Unlike Wilde, Turing made no perjured attempt to deny
the facts: he admitted his conduct, and sought only to argue
that what occurred between consenting adults, in the privacy
of his home, could not be characterised as indecent. He
was convicted and, offered the alternatives of a year's imprisonment
or chemical castration, opted for the latter. As the details
of his wartime work were still heavily classified, his immeasurable
contribution to the war effort - the huge number of British
and Allied lives saved through his code-breaking efforts, his
decisive contributions to victory in the Battle of Britain and
the Battle of the Atlantic, and the likelihood that he alone
advanced the Allied victory by as much as 12 months - could
not be taken into account on sentencing. He committed
suicide two years later.
Alternatively, if one looks for a more dashing and chivalrous
gay icon, numerous names spring to mind, from Alexander the
Great, to Richard the Lionheart, to Lawrence of Arabia. Then
again, if artistic talent is the criterion, surely Michelangelo
and Tchaikowsky have claims which at least equals Wilde's. Or
if pathos and tragedy are the necessary ingredients for a gay
hero, could there be a more awful story than that of Edward
II, King of England, who, after affairs with Piers Gaveston
and Hugh Dispenser, was agonisingly murdered at Berkeley Castle
in 1327 by the insertion of a red-hot poker through his rectum?

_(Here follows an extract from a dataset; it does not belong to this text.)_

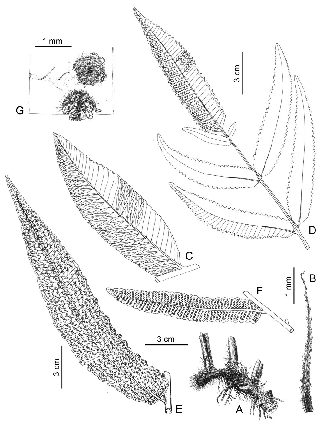 A. Porción del rizoma. B. Escama rizomática. C. Pinna estéril. D. Ápice de una fronde fértil. E-F. Pinna fértil. G. Soros mostrando indusios y esporangios.

Yet it is Wilde, more than any other historical, literary
or artistic figure, who has become the standard-bearer of gay
activism. Though he never wrote a single line which was openly
supportive of homosexuality - though he lived a life of deceit
to his wife, family and friends - though he was so upset by
the mere suggestion that he posed as a homosexual, that he
prosecuted Queensberry for a libel which nobody else ever
read until Wilde himself chose to place it in the public domain
- though, through his counsel, he characterised homosexual intimacy
as "the gravest of all offences" - though, by his own sworn
testimony, he vehemently (and falsely) denied both the inclinations
and the acts for which he is now promoted as a champion - despite
all of this, he has been canonised as patron saint in the gay
Martyrology. Why ? Maybe because, at his first indecency trial,
the prosecutor Charles Gill - lacking either the finesse of
his leader (Carson) at the libel trial, or the aggression of
his leader (Lockwood) at the second indecency trial - offered
Wilde the opportunity to say something meaningful, rather than
something witty, flippant or shallow. Gill's seemingly innocuous
question - "What is 'the love that dare not speak its
name'?" - produced this remarkable ex tempore response, possibly
the profoundest thing Oscar Wilde ever uttered, and certainly
the most sincere remark that passed his lips throughout three
successive trials:
'The
Love that dare not speak its name' in this century is such
a great affection of an elder for a younger man as there was
between David and Jonathan, such as Plato made the very basis
of his philosophy, and such as you find in the sonnets of Michelangelo
and Shakespeare. It is that deep, spiritual affection that is
as pure as it is perfect. It dictates and pervades great works
of art like those of Shakespeare and Michelangelo, and those
two letters of mine, such as they are. It is in this century
misunderstood, so much misunderstood that it may be described
as the Love that dare not speak its name, and on
account of it I am placed where I am now. It is beautiful, it
is fine, it is the noblest form of affection. There is nothing
unnatural about it. It is intellectual, and it repeatedly exists
between an elder and a younger man, when the elder man has intellect,
and the younger man has all the joy, hope and glamour of life
before him. That it should be so, the world does not understand.
The world mocks at it and sometimes puts one in the pillory
for it.
A little sincerity is a dangerous
thing, and a great deal of it is absolutely fatal.